Prealgebra for Two-Year Colleges/Appendix (procedures)/Reducing fractions

Equivalent fractions represent the same number, although they are written differently. For example,

${\displaystyle {\frac {2}{4}}}$ and ${\displaystyle {\frac {1}{2}}}$

represent the same amount. The latter fraction has a smaller denominator, so we say the fraction has been reduced.

You can reduce a fraction by dividing the numerator and denominator by the same number. For example,

${\displaystyle {\frac {75}{100}}={\frac {75{\color {Red}\div 5}}{100{\color {Red}\div 5}}}={\frac {15}{20}}}$

and

${\displaystyle {\frac {15}{20}}={\frac {15{\color {Red}\div 5}}{20{\color {Red}\div 5}}}={\frac {3}{4}}}$.
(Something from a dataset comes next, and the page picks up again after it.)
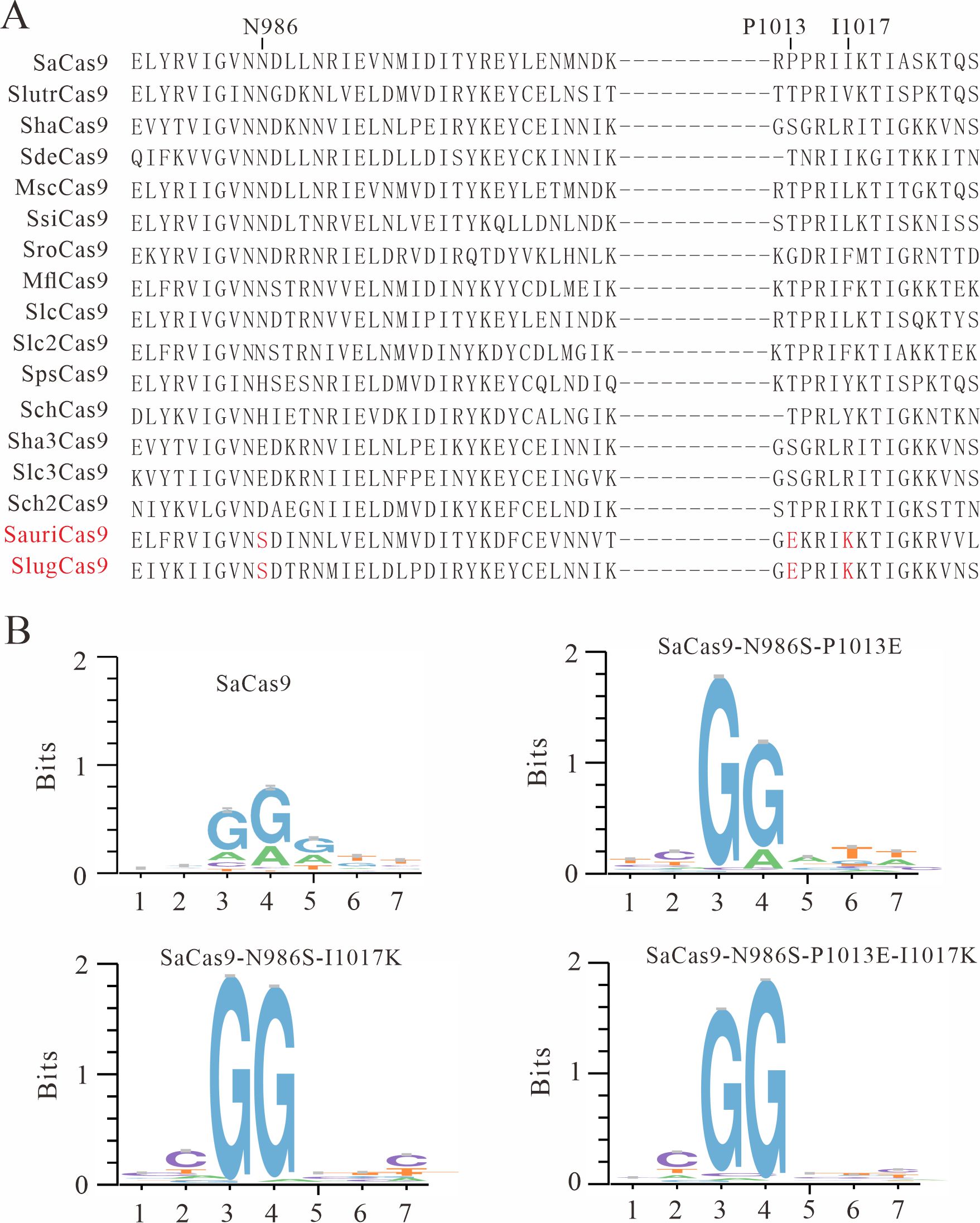 图1. (A)17个SaCas9同系物PI结构域的氨基酸序列。SauriCas9和SlugCas9特有的3个氨基酸用红色标记出来。(B)将SaCas9的2个或者3个氨基酸替换后识别NNGG PAM。

When we ask you to simplify a fraction or reduce a fraction such as 75/100, we want you to find the equivalent fraction with the smallest possible denominator. In this case, the fully reduced form is 3/4. The only number that we could divided into both 3 and 4 would be 1, but that would not reduce the fraction any further.

${\displaystyle {\frac {3}{4}}={\frac {3{\color {Red}\div 1}}{4{\color {Red}\div 1}}}={\frac {3}{4}}}$.

You are also allowed to multiply the numerator and denominator by the same number. We usually call this finding equivalent fractions.